Show that a totally bounded complete metric space $X$ is compact.
I can use the fact that sequentially compact $\Leftrightarrow$ compact.
Attempt: Complete $\implies$ every Cauchy sequence converges. Totally bounded $\implies$ $\forall\epsilon>0$, $X$ can be covered by a finite number of balls of radius $\epsilon$. I'm trying to show that all sequences in $X$ have a subsequence that converges to an element in $X$. I don't see how to go from convergent Cauchy sequences and totally bounded to subsequence convergent $in$ $X$.
Best Answer
You need to show that if $X$ is totally bounded, every sequence in $X$ has a Cauchy subsequence. Let $\sigma=\langle x_n:n\in\mathbb{N}\rangle$ be a sequence in $X$. For each $n\in\mathbb{N}$ let $D_n$ be a finite subset of $X$ such that the open balls of radius $2^{-n}$ centred at the points of $D_n$ cover $X$. $D_0$ is finite, so there is a point $y_0\in D_0$ such that infinitely many terms of $\sigma$ are in $B(y_0,1)$. Let $$A_0=\{n\in\mathbb{N}:x_n\in B(y_0,1)\}\;,$$ so that $A_0$ is infinite. Now $D_1$ is finite, so there is a $y_1\in D_1$ such that $$A_1=\{n\in A_0:x_n\in B(y_1,2^{-1})\}$$ is infinite.

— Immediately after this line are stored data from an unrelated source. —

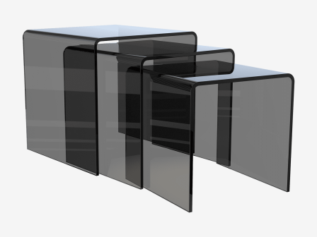 L’ensemble OLIVEA gris fumé se compose de trois consoles gigognes, pouvant être facilement empilées ou déplacées selon les besoins. Leur conception unique repose sur l’utilisation innovante d’un verre haut de gamme résistant, courbé à haute température.
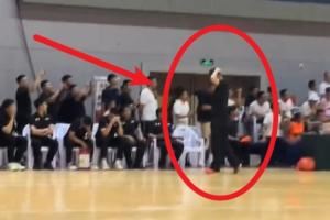 球迷视角显示,在张文逸走步后,广东主帅杜锋摸头沮丧,一脸苦笑,还想用手指一下但又收回了。
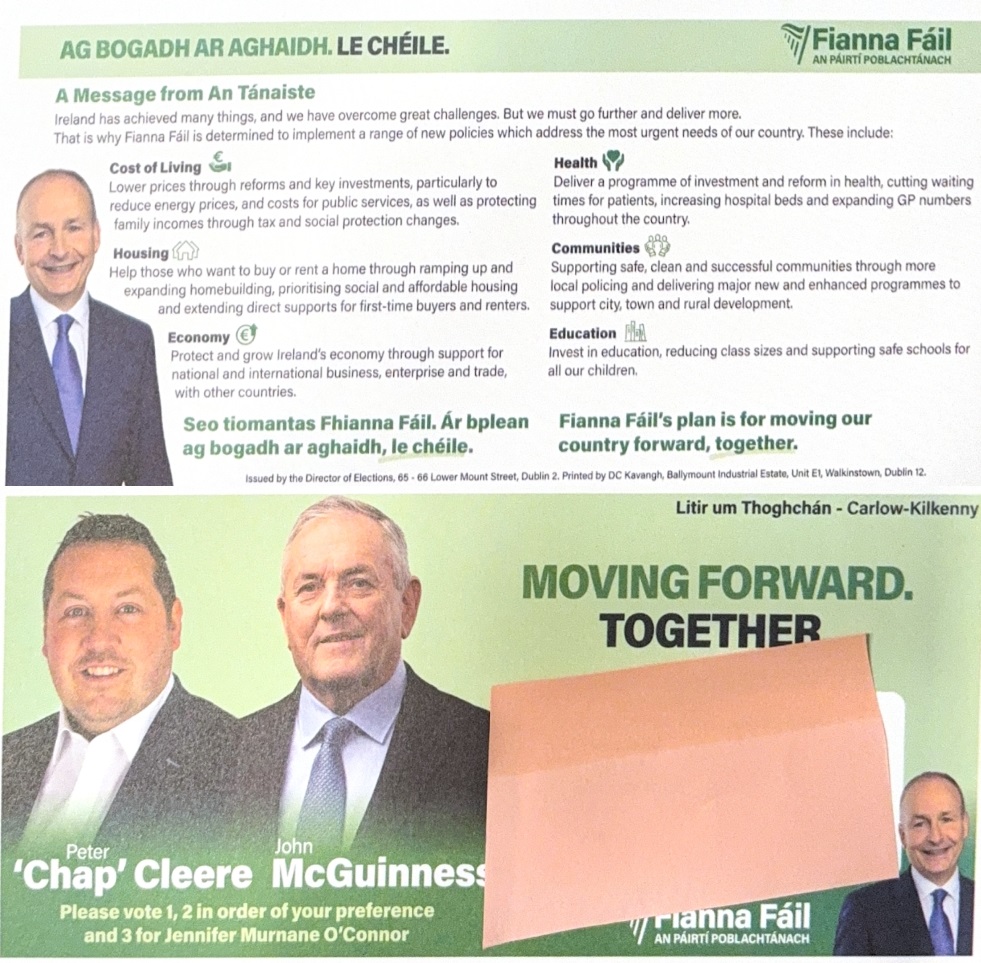 A Leaflet from Peter ‘Chap’ Cleere and John McGuinness who are running for Fianna Fáil in Carlow Kilkenny in the 2024 General Election
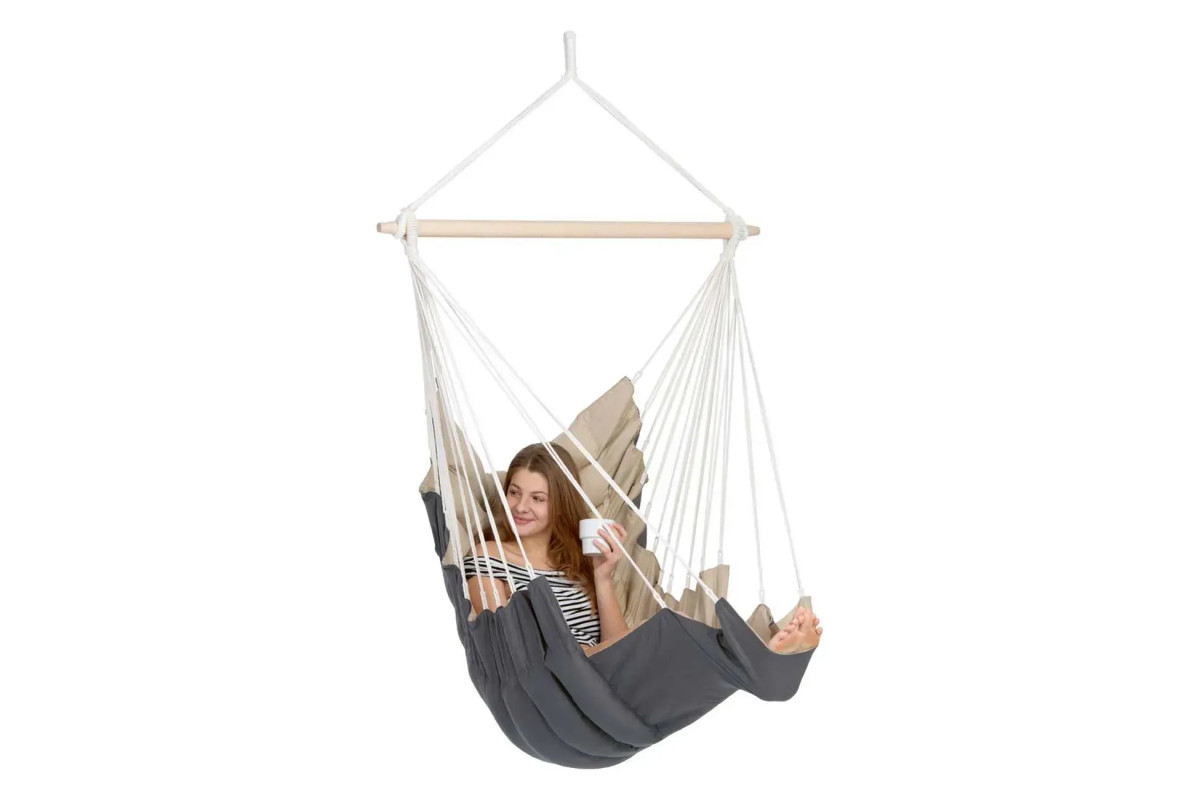 В підвісному кріслі Amazonas XXL California зручно відпочити вдома, подрімати в обідню перерву чи розслабитися на природі після поїздки на авто.
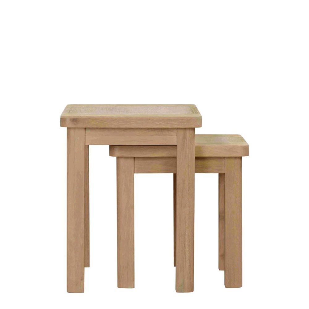 Item Code: 144-19 Hayley Oak Nest of Tables, is a classic shaker style piece of oak furniture characterised by its contemporary washed finish. Free Delivery
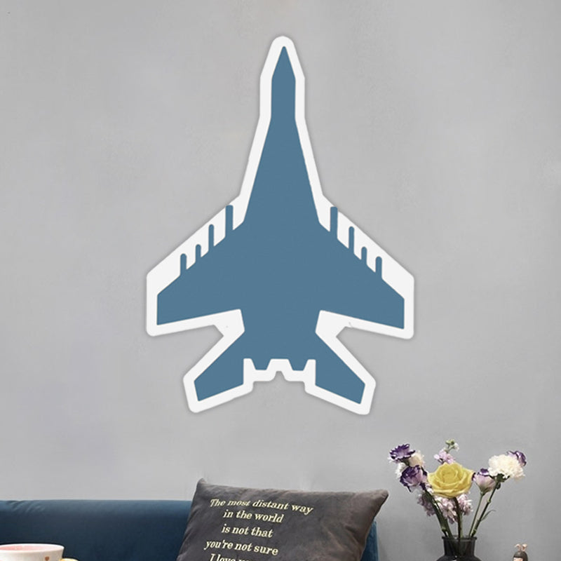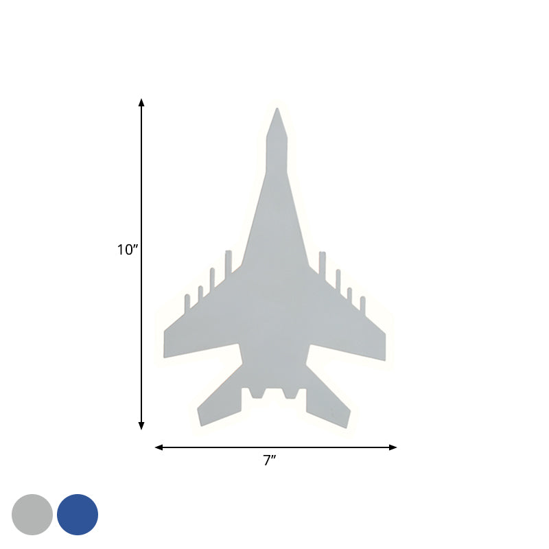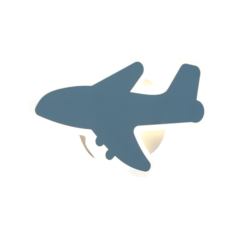 Cartoon LED Wall Sconce - Jet Kids Bedroom Flush Mount Lighting in White/Blue
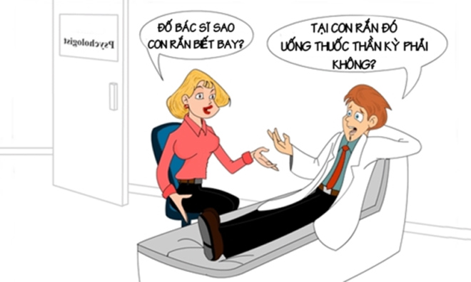 Bệnh nhân nghe thấy thế liền ôm bụng cười ngặt nghẽo:
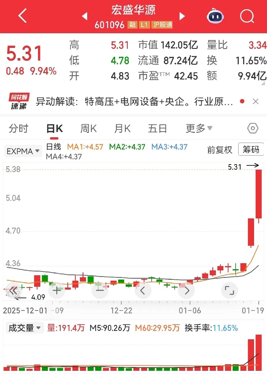 特高压有多火,看看这几位。宏盛华源,连续两天换手率10%左右,属于换手二连板。汉
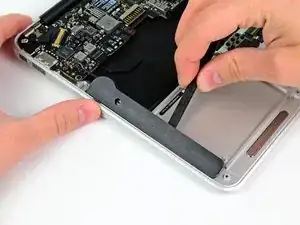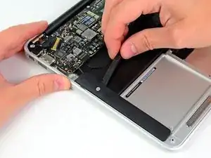Use the flat end of a spudger to pry both short sides of the battery connector upward to disconnect it from its socket on the logic board.
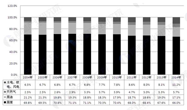 2004-2014年我國能源消費結構(單位:%)

Repeat: if $A_k$ is an infinite subset of $\mathbb{N}$, there must be a $y_{k+1}\in D_{k+1}$ such that $$A_{k+1}=\{n\in A_k:x_n\in B(y_{k+1},2^{-(k+1)})\}$$ is infinite, and the process can continue.
Now choose a strictly increasing sequence $\langle n_k:k\in\mathbb{N}\rangle$ of natural numbers in such a way that $n_k\in A_k$ for every $k\in\mathbb{N}$. Can you show that $\langle x_{n_k}:k\in\mathbb{N}\rangle$ is Cauchy?